What’s a packet routing network?
It is a network that routes packets from
a source computer to a destination computer. The Internet is made up of a
massive network of specialized computers called routers. Each router’s job
is to know how to move packets along from their source to
their destination. A packet will have moved through
multiple routers during its journey.
When a packet moves frm one router to
the next, it’s called a hop. You can use the command line-tool traceroute to see the list of hops packets take between you
and a host.
The Internet Protocol specifies how
network addresses should be attached to the packet’s headers, a
designated space in the packet containing its meta-data.

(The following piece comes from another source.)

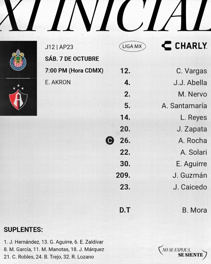 Deportes | Chivas vs Atlas • Momentos destacados • Jornada 12 • Liga MX Chivas y Atlas se enfrentan en una edición más del Clásico Tapatío, en donde ambos equipos buscarán llevarse los tres puntos que los ayude a posicionarse en los primeros lugares de la tabla Moisés Figueroa 7 de octubre de 2023 - 20:00 hs CHIVAS4 ‒ 1ATLAS Final del Partido El Guadalajara se lleva el Clásico Tapatío tras vencer a los rojinegros con marcador de 4-1. El Rebaño regresa a la senda del triunfo en una semana llena de indisciplinas por parte de algunos jugadores. Con dos goles de Marín, uno de Beltrán y otro más de Alvarado. Aldo Rocha marcó un golazo para los rojinegros que muy poco le sirvió. Con este triunfo, el cuadro rojiblanco es quinto lugar momentáneamente con 18 puntos, mientras que los zorros en la posición 9 con 15 puntos. 90+2 ¡Goooooooooooooooooooooooooool de Chivas! Alvarado engaña a Camilo Vargas y el Guadalajara ya golea al rojinegro. ¡Goool de las Chivas! Roberto Alvarado marca desde la vía del penalti.#MásAcciónMásDiversión #ChivasvsAtlas #SábadoSagrado @calientesports te presenta los mejores momentos mientras apuestas y ganas en #LigaMX https://t.co/UvZD9hks6G pic.twitter.com/6rM4hPwHK0 — TV Azteca Deportes (@AztecaDeportes) October 8, 2023 90+1 ¡Penal para Chivas! Alvarado es derribado dentro del área y el árbitro marca penal. 84' ¡Goooooooooooooooooooooooooooool de Chivas! Alvarado manda un pase largo Marín que lo deja solo frente a la portería para vencer a Camilo Vargas. ¡Goool de las Chivas! Doblete de Ricardo Marín para sentenciar el juego.#MásAcciónMásDiversión #ChivasvsAtlas #SábadoSagrado @calientesports te presenta los mejores momentos mientras apuestas y ganas en #LigaMX https://t.co/UvZD9hkZWe EN VIVO: https://t.co/1e18mTpuyz pic.twitter.com/5vb7qzKhGN — TV Azteca Deportes (@AztecaDeportes) October 8, 2023 77' Lo intenta el Atlas Reyes saca un disparo de larga distancia y balón pasó al lado de la portería tras un desvío de la defensa de Chivas. 75' El rojinegro busca el empate Atlas se va con todo al ataque en busca del empate; Chivas se defiende de buena manera. 68' Cambio de Atlas Trejo entra al terreno de juego tras la dura lesión de Lozano. 65' ¡Se encienden las alarmas en Atlas! Brian Lozano sufre un dolorosa lesión en la rodilla. 62' ¡Goooooooooooooooooooooooooool de Chivas! Víctor Guzmán pone un gran centro a Marín quien no perdona y remata de cabeza para mandar el balón a las redes. ¡Goool de las Chivas! Ricardo Marín le devuelve la ventaja al 'Rebaño'.#MásAcciónMásDiversión #ChivasvsAtlas #SábadoSagrado @calientesports te presenta los mejores momentos mientras apuestas y ganas en #LigaMX https://t.co/UvZD9hks6G EN VIVO: https://t.co/1e18mToWJ1 pic.twitter.com/vitm4Gjot0 — TV Azteca Deportes (@AztecaDeportes) October 8, 2023 55' ¡Perdona Chivas! Brizuela desperdició una jugada que era de gol al mandar el balón por un costado del arco cuando estaba solo. ¡Se salva el Atlas! Remate de Brizuela que se va por un costado.#MásAcciónMásDiversión #ChivasvsAtlas #SábadoSagrado �� @calientesports te presenta los mejores momentos mientras apuestas y ganas en #LigaMX https://t.co/UvZD9hks6G �� EN VIVO: https://t.co/1e18mToWJ1 pic.twitter.com/id3SEL9mqB — TV Azteca Deportes (@AztecaDeportes) October 8, 2023 50' Avisa el Guadalajara Alvarado saca un disparo tras un gran recorte, pero Camilo Vargas rechaza el balón con ambas manos. ¡Lo intenta Chivas! Tiro de Alvarado que detiene Camilo en el fondo.#MásAcciónMásDiversión #ChivasvsAtlas #SábadoSagrado �� @calientesports te presenta los mejores momentos mientras apuestas y ganas en #LigaMX https://t.co/UvZD9hks6G �� EN VIVO: https://t.co/1e18mToWJ1 pic.twitter.com/PJKgPcvKZ3 — TV Azteca Deportes (@AztecaDeportes) October 8, 2023 Comienza el segundo tiempo Se reanudan las acciones en el Estadio AKRON; ambos equipos salen a la cancha con los mismos 11 jugadores. Final del primer tiempo Chivas y Atlas se van al descanso con el marcador 1-1 en un gran primer tiempo lleno de intensidad. 45' Se agregan 8 minutos al primer tiempo 43' ¡Gooooooooooooooooooooooooool del Atlas! Aldo Rocha hace un golazo tras prender el balón de bote pronto y poniéndolo en el ángulo de la portería de Chivas. ¡Golaaazooo del Atlas! Aldo Rocha empata el partido antes del descanso.#MásAcciónMásDiversión #ChivasvsAtlas #SábadoSagrado �� @calientesports te presenta los mejores momentos mientras apuestas y ganas en #LigaMX https://t.co/UvZD9hks6G �� EN VIVO: https://t.co/1e18mToWJ1 pic.twitter.com/fnAzYr6nG8 — TV Azteca Deportes (@AztecaDeportes) October 8, 2023 35' Dura entrada contra Alvarado Anderson Santamaría hace una dura entrada contra Alvarado; el árbitro lo deja en tarjeta amarilla. ¿Era de roja? �� Fuerte entrada que es sancionada con amarilla.#MásAcciónMásDiversión #ChivasvsAtlas #SábadoSagrado �� @calientesports te presenta los mejores momentos mientras apuestas y ganas en #LigaMX https://t.co/UvZD9hks6G �� EN VIVO: https://t.co/1e18mToWJ1 pic.twitter.com/Lbw28ZKlKY — TV Azteca Deportes (@AztecaDeportes) October 8, 2023 26' Comienza la lluvia en el Estadio AKRON La lluvia y el aire con gran intensidad se hacen presente en la cancha del AKRON. 20' Atlas presiona El cuadro rojinegro comienza a adueñarse del balón en mediocampo y ataca el arco rival en busca del gol que empate el juego. 15' Malas noticias para el Rebaño El portero de Chivas, "Tala" Rangel saldrá del juego luego de un fuerte choque con el "Pollo" Briseño; entra en su lugar el "Wacho" Jiménez. 8' ¡Gooooooooooooooooooooooooooool de Chivas! Fernando Beltrán saca un disparo de larga distancia pegado al poste que hace imposible la llegada de Camilo Vargas. ¡¡G⚽⚽⚽L!!! ¡¡El ‘Nene’ Beltrán!! ¡¡Ya gana Chivas el #ClásicoTapatío!!#LigaBBVAMX | #Apertura2023 | ��#NoTeLoPierdas pic.twitter.com/POJSyLa1VW — Liga BBVA MX (@LigaBBV

The Internet Protocol also specifies how the routers should
forward the packets based on the address in
the header.
Where did these Internet routers
come from? Who owns them?
These routers originated in the 1960s
as ARPANET, a military project whose goal was a computer network
that was decentralized so the government could access and distribute
information in the case of a catastrophic event. Since then, a number of Internet
Service Providers (ISP) corporations have added routers onto
these ARPANET routers.
There is no single owner of these Internet routers,
but rather multiple owners: The government agencies and universities associated
with ARPANET in the early days and ISP corporations
like AT&T and Verizon later on.
Asking who owns the Internet is like asking who owns all
the telephone lines. No one entity owns them all; many different entities own
parts of them.
Do the packets always arrive in
order? If not, how is the message re-assembled?
The packets may arrive at their
destination out of order. This happens when a later packet finds
a quicker path to the destination than an earlier one. But packet’s
header contains information about the packet’s order
relative to the entire message. The Transport Control
Protocol uses this info for reconstructing the message at the
destination.
Do packets always make it to their
destination?
The Internet Protocol makes no guarantee
that packets will always arrive at their destinations. When
that happens, it’s called called a packet loss. This typically
happens when a router receives more packets it
can process. It has no option other than to drop some packets.
However, the Transport Control Protocol handles packet
loss by performing re-transmissions. It does this by having the destination
computer periodically send acknowledgement packets back to the
source computer indicating how much of the message it has received and
reconstructed. If the destination computer finds there are missing packets,
it sends a request to the source computer asking it to resend the missing packets.
When two computers are communicating through the Transport
Control Protocol, we say there is a TCP connection between
them.
What do these Internet addresses
look like?
These addresses are called IP
addresses and there are two standards.
The first address standard is called IPv4 and
it looks like 212.78.1.25 . But because IPv4 supports
only 2³² (about 4 billion) possible addresses, the Internet Task Force proposed a new address standard
called IPv6, which look like 3ffe:1893:3452:4:345:f345:f345:42fc . IPv6 supports 2¹²⁸ possible
addresses, allowing for much more networked devices, which will be plenty more
than the as of 2017 current 8+ billion networked devices on the Internet.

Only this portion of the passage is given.